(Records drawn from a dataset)
::::
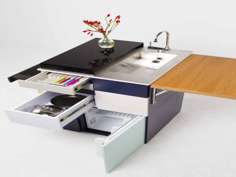 Hailed as “Tube,” the mini kitchen module takes its shape from 2 tubes that are united by a stem. Presenting a double decked glass case, the modular kitchen also features a round cooker (with induction technology) for a burn-free cooking. You may store small dishes in the oval drawers; while on the other hand, a big hatch provides amble space for saucepans. Moreover, the mini kitchen includes a table that comes out the module to dine the food for a small family. Simply smart and space saving, a boon for compact urban apartments!
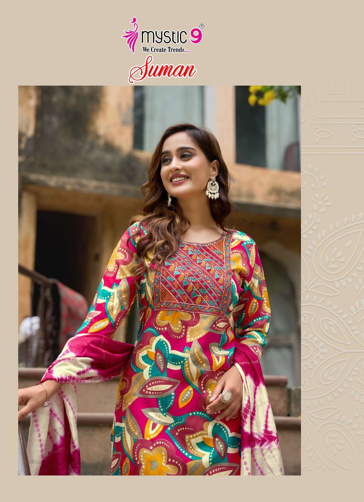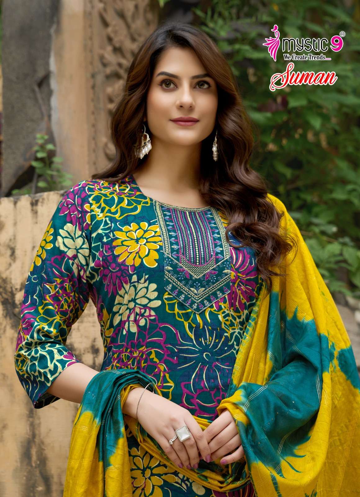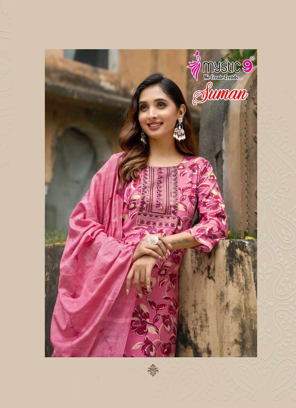 MYSTIC 9 SUMAN VOL 4 RAYON FOIL PRINT & SLEEVES EMBROIDERY SUIT FOR LADIES SUPPLIER
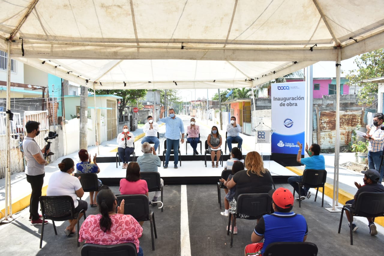*Inauguró la calle Mangle en la col. Miguel Alemán, donde se construyó desde la carpeta asfáltica hasta el drenaje y alumbrado.
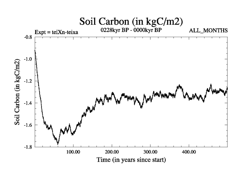 This is the pre-industrial simulation for a new set of BBC long runs using TRIFFID. dynamic mode, started from teii set of simulations (new BBC equilibrium TRIFFID runs). This version includes the dark_respiration update.
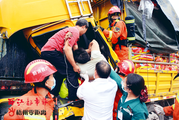 梧州零距離網-西江都市報訊 11月18日7時許,包茂高速梧州往岑溪方向2834KM處發生一起貨車追尾掛車的交通事故,造成1人受傷,市消防救援支隊岑溪市天橋消防救援站緊急出警趕赴現場處置。
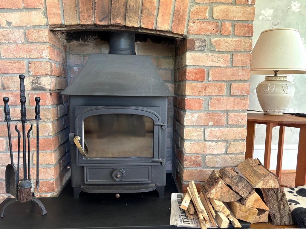 DINING ROOM (SW & NW):16'3" (4.95m) x 11'6" (3.51m). Radiator, wood floor, open fireplace with wood burning stove, central heating thermostat, UPVC double glazed doors to the rear garden.
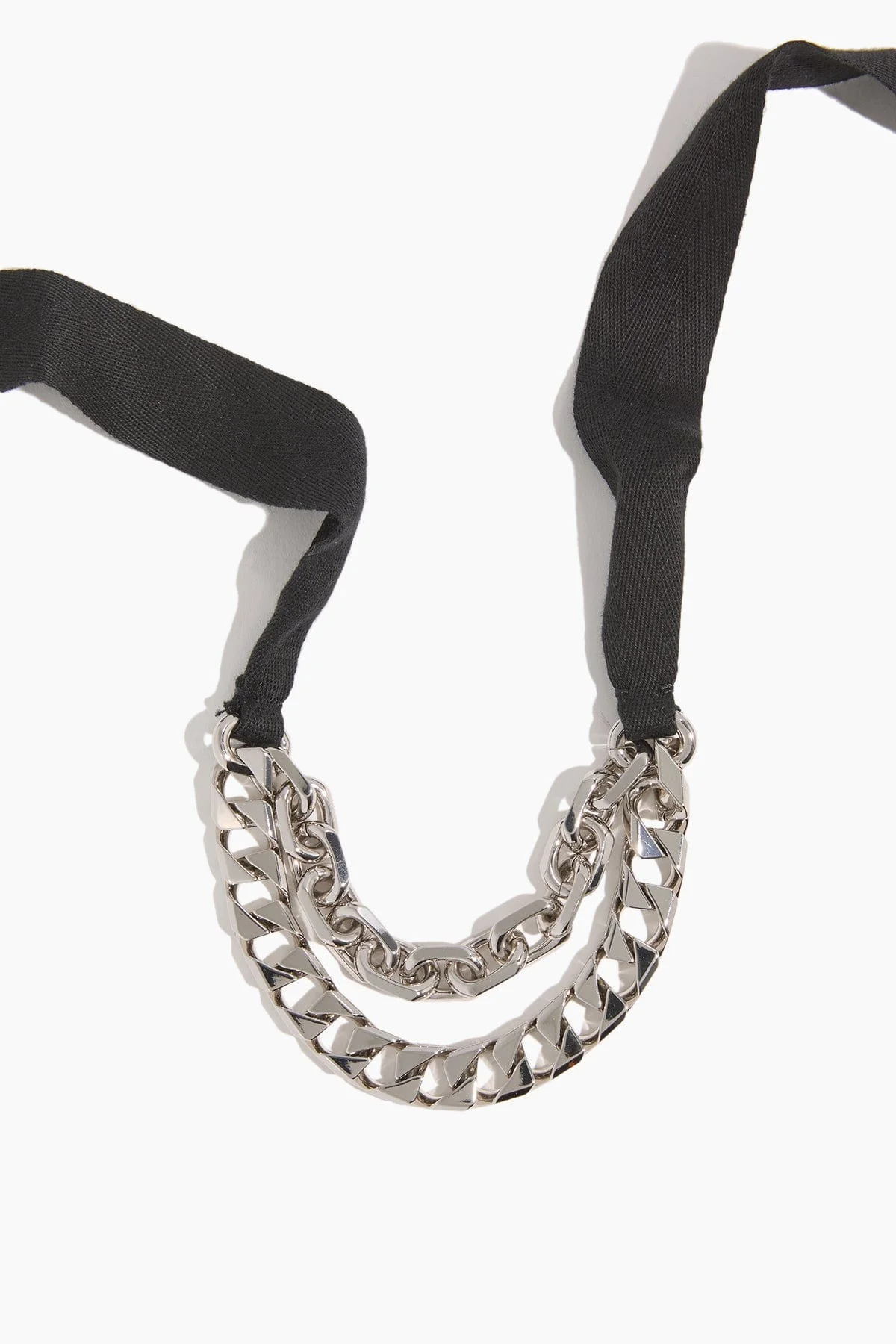 The Plan C Double Chain Necklace with Rib in Nikel Lucido will be a statement making necklace. You'll love the double strands of this chain necklace with a ribbon tie closure. FIT DETAILS - Necklace - Double metal chains - Adjustable ribbon - 80% metal, 18% cotton, 2% leather
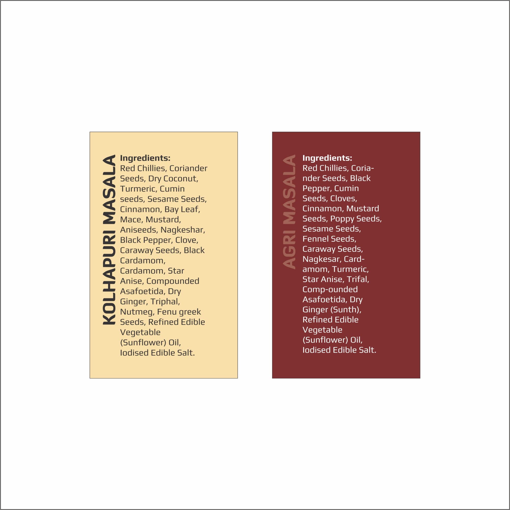 2 pack of Kolhapuri Masala and 2 packs of Agri Masala 50g each
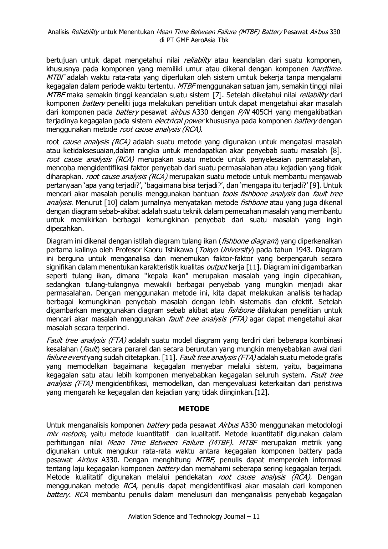 Aviation Science and Technology JournalAviation Science and Technology JournalPenelitian ini membahas masalah kegagalan pada komponen battery pesawat airbus A330 dengan P/N 405CH yang sangat berpengaruh terhadap keselamatan penerbangan. Metode mix metode digunakan untuk menganalisis keandalan dan akar masalah dari komponen battery tersebut. Metode kuantitatif digunakan untuk menghitung mean time between failure (MTBF) dan didapatkan hasil MTBF sebesar 1801,509804 jam untuk komponen battery P/N 405CH pada pesawat airbus A330. Metode kualitatif menggunakan root cause analysis (RCA) dengan bantuan fishbone diagram dan fault tree analysis (FTA) untuk mengidentifikasi faktor penyebab kegagalan. Beberapa faktor yang diidentifikasi antara lain faktor manusia, mesin, metode, dan lingkungan. Untuk mengatasi masalah ini, diperlukan tindakan preventif seperti memberikan training khusus kepada teknisi terkait komponen battery, memantau kondisi lingkungan penyimpanan, dan memastikan prosedur perawatan sesuai dengan CMM. Pengawasan terhadap teknisi junior juga penting untuk memastikan dilakukan dengan baik dan mengurangi risiko kegagalan pada komponen battery.
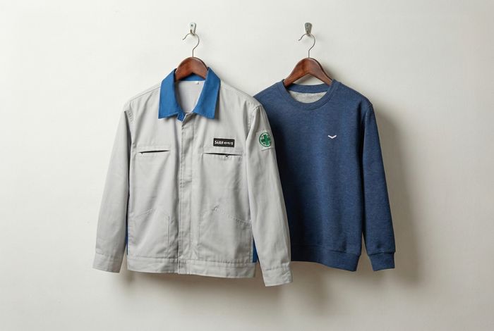 폐근무복 업사이클링 캠페인에 참여한 세아베스틸의 근무복과 업사이클링으로 탄생한 아동용 맨투맨ⓒ세아그룹
::::
▶ **Your goal**
Copy the entries above exactly, but only the stretch from the line containing "MYSTIC 9 SUMAN" through the line containing "drenaje y alumbrado.". Keep both end lines; drop the pictures.

▶ **Solution to this task**
 MYSTIC 9 SUMAN VOL 4 RAYON FOIL PRINT & SLEEVES EMBROIDERY SUIT FOR LADIES SUPPLIER
*Inauguró la calle Mangle en la col. Miguel Alemán, donde se construyó desde la carpeta asfáltica hasta el drenaje y alumbrado.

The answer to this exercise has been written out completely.